Immune checkpoint inhibitors-induced pancreatitis: a systematic review and real-world pharmacovigilance analysis

Wei Fang #  1 Huanping Wang #  1 Xiaoran Zhang  2 Hongxia Zhu  1 Wei Yan  1 Yang Gao  3
Affiliations

Immune checkpoint inhibitors-induced pancreatitis: a systematic review and real-world pharmacovigilance analysis

Wei Fang et al. Front Pharmacol. .

Abstract

Purpose: Immune checkpoint inhibitors-induced pancreatitis (ICIs-P) is an uncommon immune-related adverse event. The available evidence consists mostly of case reports, case series, and narrative reviews. This research focuses on the clinical characteristics and management options for ICIs-P to provide a practice-based global perspective on this disease.
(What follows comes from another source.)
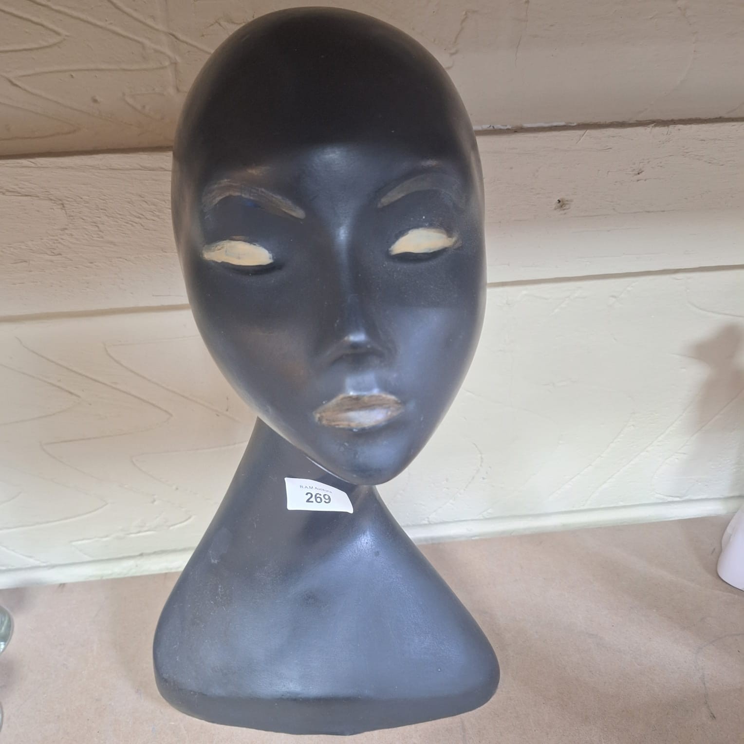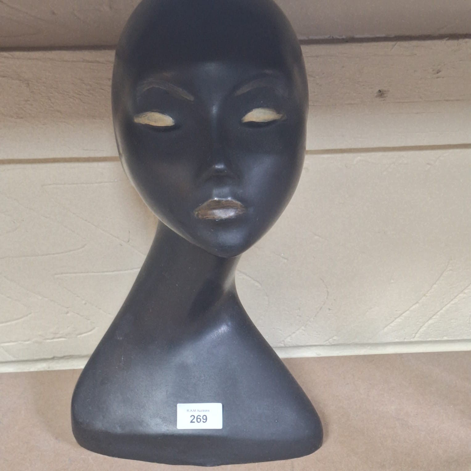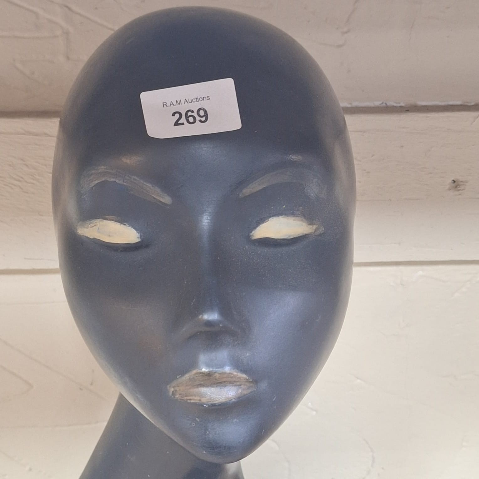 Dark gray matte finish mannequin head and neck with stylized female features and minor discoloration.

Methods: Five electronic databases were systematically reviewed to identify the relevant studies. Furthermore, we performed a disproportionality analysis utilizing OpenVigil 2.1 to interrogate the United States Food and Drug Administration's Adverse Event Reporting System (FAERS) database.

Results: A total of 61 patients from 58 studies were included in this study. Most patients with ICIs-P were males (60.7%). Most patients received anti-PD-1/PD-L1 monotherapy (78.7%) or anti-PD-1/PD-L1 monotherapy in conjunction with CTLA-4 blockade (19.7%). The median time from the initiation of immune checkpoint inhibitors treatment to pancreatitis was 108 days (range 52-278). Most cases were severe or life-threatening (G3-G4; 64.0%). Corticosteroids were administered to 73.8% of the patients during the treatment of pancreatitis. Regarding treatment outcomes, ICIs-P was reversible in most cases (83.6%), despite the 8.2% relapse and 8.2% deaths. We identified 606 reports of pancreatitis associated with ICIs in the FAERS database, with the greatest proportion of males (50.7%), 62.0% of PD-1 inhibitors, and 22.1% of all reports of death or life-threatening outcomes. Signals indicating pancreatitis were observed across all ICIs, with particular emphasis on Cemiplimab, Pembrolizumab and Nivolumab.

Conclusion: By using a pharmacovigilance database, we discovered an elevated risk of pancreatitis following ICIs therapy, especially with PD-1 inhibitors. Meanwhile, risk factors for ICIs-P remain poorly understood, and diagnosis is challenging. Which may manifest as asymptomatic elevated pancreatic enzyme levels or clinical pancreatitis. Patients with pancreatitis symptoms should have their lipase and amylase levels and radiology evaluated. Diagnosis should be made by excluding other causes. Steroids are the cornerstone of ICIs-P treatment and slow dose reduction is recommended to reduce recurrence.

Keywords: immune checkpoint inhibitors; immune-related adverse event; immunotherapy; pancreatitis; pharmacovigilance analysis.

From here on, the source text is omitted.